The beginning continues. This is the shape of Mark—Next….

The urgency of the first part of Mark to reveal changed hearts and behaviors shifts in the second part to an expectation of “beyond” only accessible through consequences lived out in this world.

Anything that attempts to concretize and control the wilderness of indeterminacy, chaos theory, and any spirit that blows where it will to tap the most unlikely undermines Mark’s emphasis upon the human Jesus. What began with Jesus identified as Christ/Messiah/Anointed ends with Jesus identified with no-place located no-where—Nazareth in Galilee. It is this common everyday reference that offers us an insight into a never-ending beginning.

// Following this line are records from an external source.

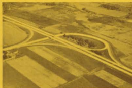
Trumpet interchange carries U. S. 51 on and off I-90 east of Stoughton.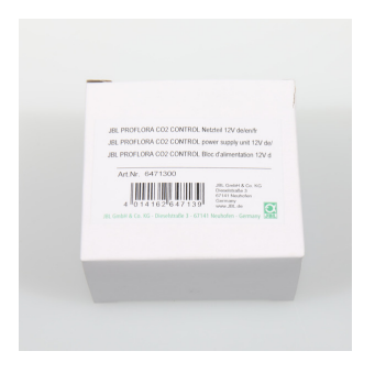
JBL PF CO2 CONTROL power supply unit 12V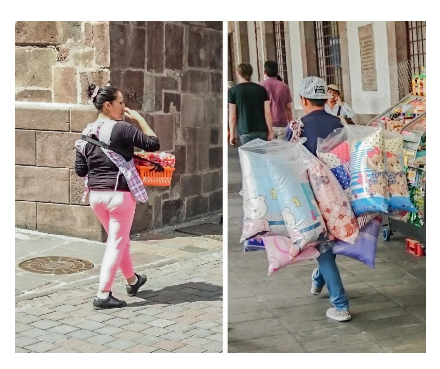
Figure 2. Detached/Unfixed type of street trading in Quito, Ecuador.

This type refers to a condition where street trading takes place detached from public/private interface with a high capacity to move within public space. As shown in Figure 2, this type is highly adaptable to the rhythms of pedestrian flows as it can quickly move around and become more visible to potential customers. Hence, it is quite competitive in the temporal appropriation of public space and negotiating visibility to the public gaze. The high level of mobility provides the possibility of appropriating different parts of public space; it can also penetrate areas that are not accessible by other types, such as the interiors of public transport services. The range and volume of products are of course, quite limited.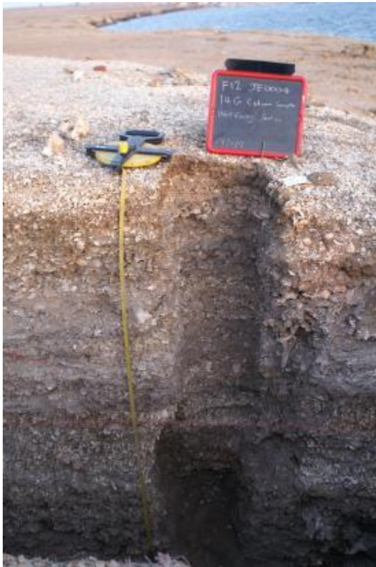
Figure 7. West facing section of Janaba 4, after removal of the column samples from 14G. The sign board is 30cm wide (excluding frame). Photo by Geoff Bailey, 17 November, 2012.

near the thickest part of the mound at its centre; and 14G, which samples a wider range of shell layers with differing characteristics nearer the north end of the section (Figures 7, 8 and 9).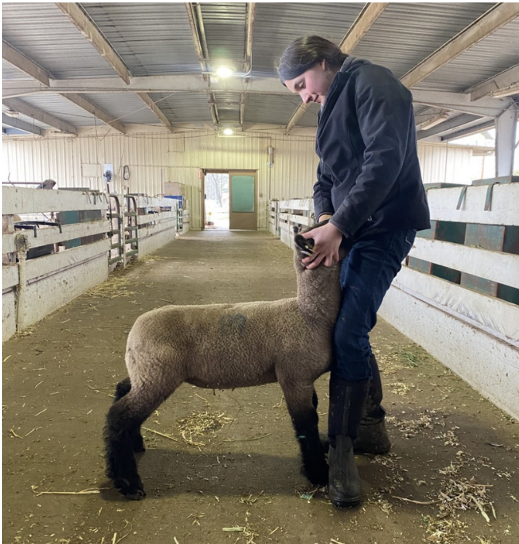
Photo must show entire animal, as close and clear as possible to identify animal and exhibitor.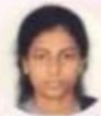
A. Daphini NET - 2024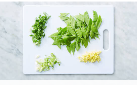
2. Prep ingredients

Bring large pot of salted water to a boil. Add udon noodles to boiling water and cook, stirring occasionally to prevent sticking, until just tender, 4-5 minutes. Reserve ¼ cup cooking water , then drain noodles. Rinse noodles with cold water and drain well again. Set noodles aside until step 6.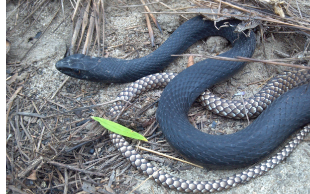
Eastern coachwhip (Jeff Hall)

Since we are there now it becomes our wilderness to enter and go deeply enough into that we are freed from all that the spurious additions would have us believe as orthodox (right thinking that would again crucify a bubbling source of seeing beyond current limits).

A non-ending frees us from any “sacred and undying message of eternal salvation”—rising goes where it will.

“Whoever believes and is baptized will be saved” has no standing in a court of Mark which asked no one to be baptized or even to believe, but is abundantly fruitful in lives from Peter to Bartimaeus. Belief and baptism might be responses people would choose to do, but are quite unnecessary to salvation (“healing”, “wholeness”).

We all know demons are not demoted by sincere belief; even snake charmers are bitten, and poison is poison. Healing can occur but as a surprising gift, not as proof of anything.

To be true to Mark and Galilee, Jesus is raised to Galilee—not to heaven. Jesus continues as partners of those taking Mark’s story into themselves, listening behind its surface, and rewriting it into the next experiences they engage in. Hang on! BANG! Onward to rising!